Washington poet laureate Claudia Castro Luna, who visited Vancouver earlier this month to greet poetry lovers and read from her works at the downtown community library, has won a $100,000 award to highlight poetry and poets along the length of the Columbia River.
“I’m still a little bit in shock,” Castro Luna said by phone Thursday morning from Spokane, where her poet laureate travels had taken her last week to read and teach.
The award was made by the Academy of American Poets. It’s one of 13 given to poets serving in official civic-poet and poet-laureate roles around the nation, and it’s intended to support impactful, innovative public poetry projects.
Castro Luna’s project will be called “One River, A Thousand Names,” and she said she consulted Clark County Poet Laureate Gwendolyn Morgan before proposing it. She means to convene poetry readings and workshops all along the river, she said. “My idea was to follow the river from the moment it enters the state … and work with local poets like Gwendolyn. I talked to Gwendolyn and asked if she’d work with me on it, if I ever got it.
“I’m hoping to create communication and linkages. The river has been around forever and it has nourished native people, but let’s take a look at what’s happening to it now, in the voices of the people who see the river every day. There’s a lot of pain along the river. The river bisects our state right in the middle, but that middle is kind of the part we hear about the least. This is a way of getting to hear those voices.”
Meanwhile, Castro Luna and Morgan are planning a June 28 “Evening of Dance, Music and Poetry” at downtown Vancouver’s Magenta Theater, also featuring Josh Murry-Hawkins and the Washington Dance Collective, and Clark County composer/musician Judy A. Rose.

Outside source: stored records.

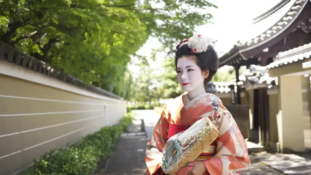 게이샤는 춤과 샤미센 연주, 노래를 비롯해 다양한 춤으로 연회 자리를 화려하게 장식하며 손님을 접대하는 여성을 말합니다. 기모노를 입고 수화(水化粧)라는 특수한 화장을 한 여성을 말합니다. 그리고 마이코는 게이샤의 견습생 소녀를 가리키는 교토 특유의 것입니다. 마이코는 주로 교토에서, 게이샤는 도쿄의 아카사카나 아사쿠사를 비롯한 각지의 번화가에서 만날 수 있습니다.
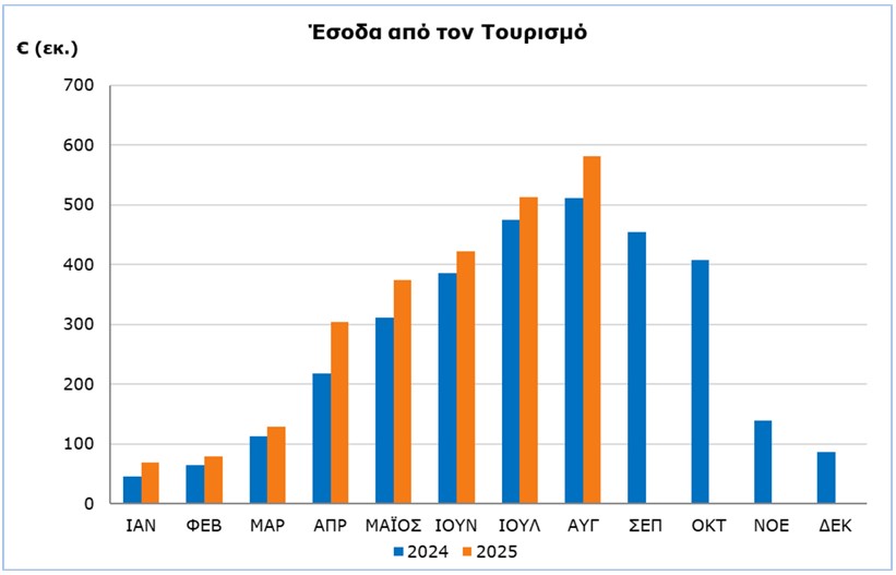 Σύμφωνα με στοιχεία που δημοσίευσε σήμερα η Στατιστική Υπηρεσία, τα έσοδα από τον τουρισμό τον Αύγουστο 2025 ανήλθαν σε €581,8 εκατ., σημειώνοντας αύξηση 13,8% σε σχέση με τον αντίστοιχο μήνα του 2024. Για το οκτάμηνο Ιανουαρίου - Αυγούστου, τα συνολικά έσοδα ανήλθαν σε €2,47 δισ., αυξημένα κατά 16,5%.
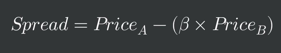 Спред — це різниця в ціні між двома активами, скоригована на коефіцієнт хеджування (\beta):

Castro Luna has served as Seattle’s Civic Poet and teaches at Seattle University. She’s the author of “Killing Marias,” a book of poetry about the disappeared women of Juarez, Mexico, and “This City,” a book of poetry about Seattle.
She’s also the creator of two interactive, map-based poetry projects, the Seattle Poetic Grid and, as of her recent travels around the state as poet laureate, Washington Poetic Routes. She is a native of El Salvador and is currently working on a memoir called “Like Water to Drink,” about her escape from the Salvadoran Civil War.
Castro Luna’s term as Washington poet laureate lasts from February 2018 through January 2020.